**Supplied material**
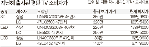 현재 온라인쇼핑몰에서는 지난해 나온 40인치대 초반 크기의 LED TV를 120만~140만원에 살 수 있다. 지난해 처음 출시할 때 220만~250만원 하던 게 거의 반 토막 났다. 비슷한 크기의 LCD TV의 경우 지난해 모델은 현재 90만원대다.
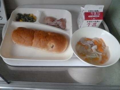 6月13日(木)の給食は、おさつパン・牛乳・鶏肉のガーリック焼き・スープ・さんど豆とコーンのサラダです。
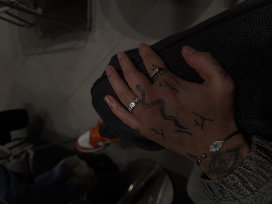 A close-up shows a tattooed hand adorned with two rings and a bracelet, resting on a denim-clad lap. The tattoos feature a snake, an eye, and abstract symbols. The rings are silver, one a simple band and the other with a textured design. The bracelet is a thin cord with an eye-shaped charm. An orange and white sneaker peeks from the lower left, adding a pop of color to the muted tones of the image.
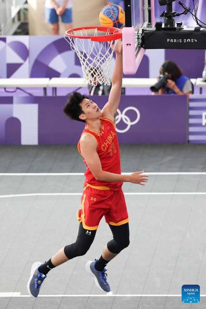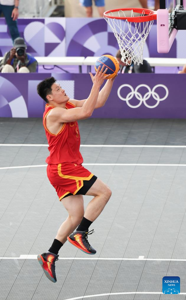Zhang Ning of China makes a layup during the 3x3 basketball men's pool round game between China and Lithuania at the Paris 2024 Olympic Games in Paris, France, on Aug. 2, 2024. (Xinhua/Xu Yanan)
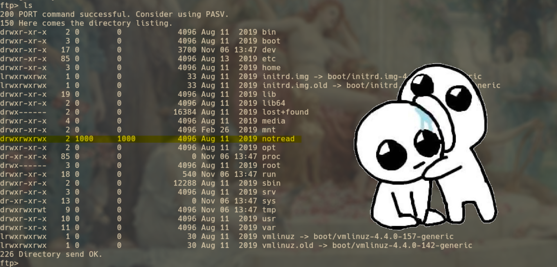 Mientras exploraba el directorio raíz, me di cuenta que había un directorio llamado ‘notread’ y cuando alguien dice que no haga algo, eso significa que debo hacerlo. Así que entramos a dicho directorio que por los permisos podía hacerlo.
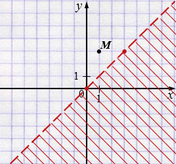 Определение нужной полуплоскости: выбирают точку и проверяют, удовлетворяет ли она неравенству. Если да — закрашивают полуплоскость, где лежит эта точка, если нет — противоположную.
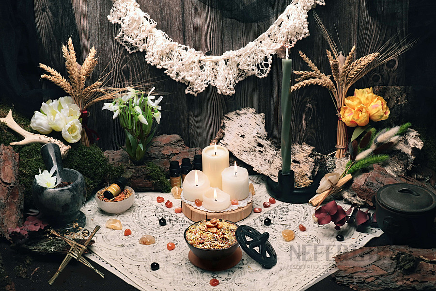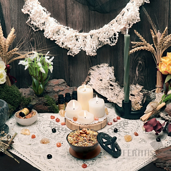 Nefertitis vykuřovací směs Imbolc - oslava světla, naděje a nových začátků: oslavte návrat světla a přivítejte pozitivní energii do svých domovů. Těšte se na vše, co přijde s novým rokem. Na fotografiích vidíte oltář z roku 2025 a 2026.
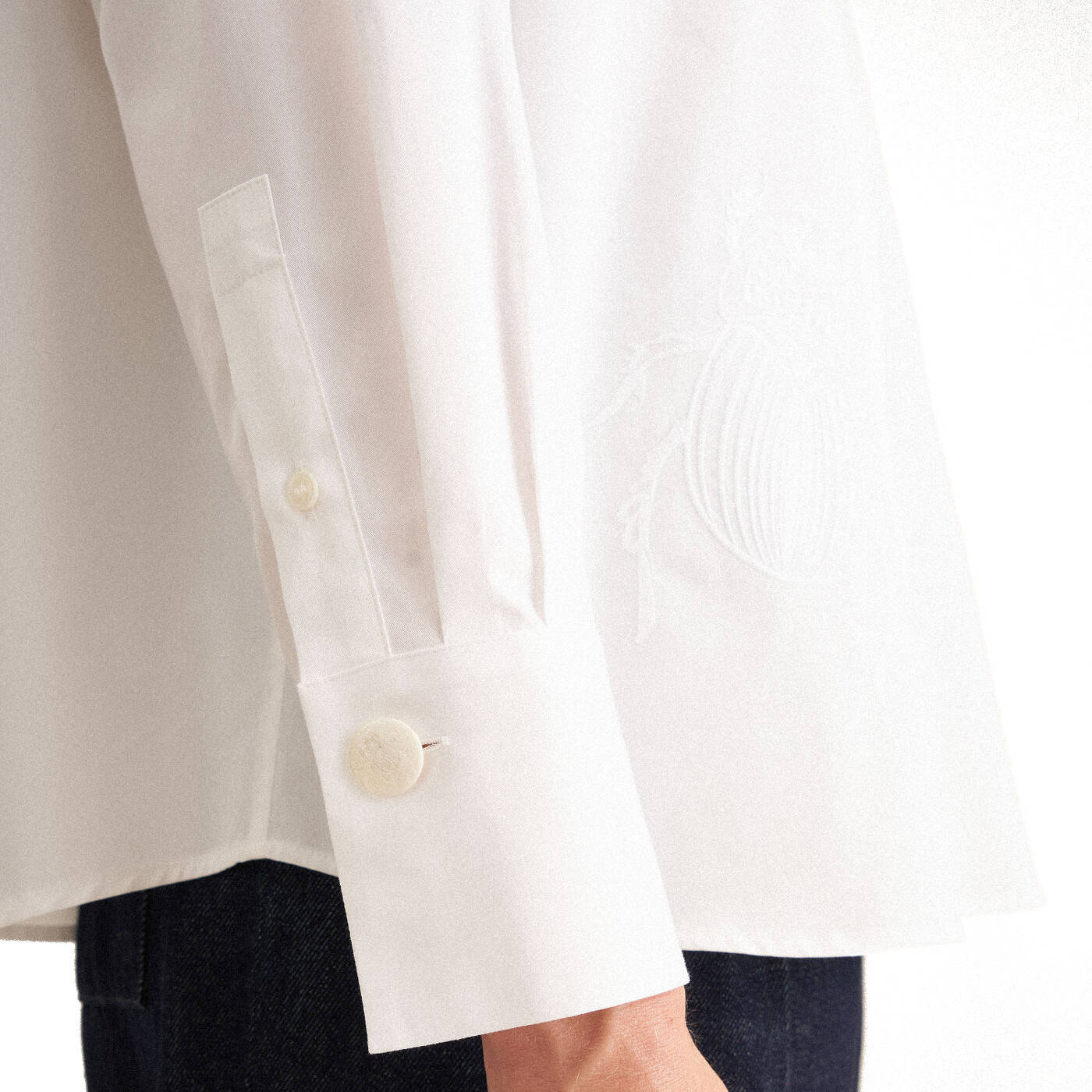 - Tonale Skarabäus-Stickerei auf der Seite

**Task details**
Each record should be given again exactly, with no picture carried over.

**Answer section**
 현재 온라인쇼핑몰에서는 지난해 나온 40인치대 초반 크기의 LED TV를 120만~140만원에 살 수 있다. 지난해 처음 출시할 때 220만~250만원 하던 게 거의 반 토막 났다. 비슷한 크기의 LCD TV의 경우 지난해 모델은 현재 90만원대다.
 6月13日(木)の給食は、おさつパン・牛乳・鶏肉のガーリック焼き・スープ・さんど豆とコーンのサラダです。
 A close-up shows a tattooed hand adorned with two rings and a bracelet, resting on a denim-clad lap. The tattoos feature a snake, an eye, and abstract symbols. The rings are silver, one a simple band and the other with a textured design. The bracelet is a thin cord with an eye-shaped charm. An orange and white sneaker peeks from the lower left, adding a pop of color to the muted tones of the image.
Zhang Ning of China makes a layup during the 3x3 basketball men's pool round game between China and Lithuania at the Paris 2024 Olympic Games in Paris, France, on Aug. 2, 2024. (Xinhua/Xu Yanan)
 Mientras exploraba el directorio raíz, me di cuenta que había un directorio llamado ‘notread’ y cuando alguien dice que no haga algo, eso significa que debo hacerlo. Así que entramos a dicho directorio que por los permisos podía hacerlo.
 Определение нужной полуплоскости: выбирают точку и проверяют, удовлетворяет ли она неравенству. Если да — закрашивают полуплоскость, где лежит эта точка, если нет — противоположную.
 Nefertitis vykuřovací směs Imbolc - oslava světla, naděje a nových začátků: oslavte návrat světla a přivítejte pozitivní energii do svých domovů. Těšte se na vše, co přijde s novým rokem. Na fotografiích vidíte oltář z roku 2025 a 2026.
 - Tonale Skarabäus-Stickerei auf der Seite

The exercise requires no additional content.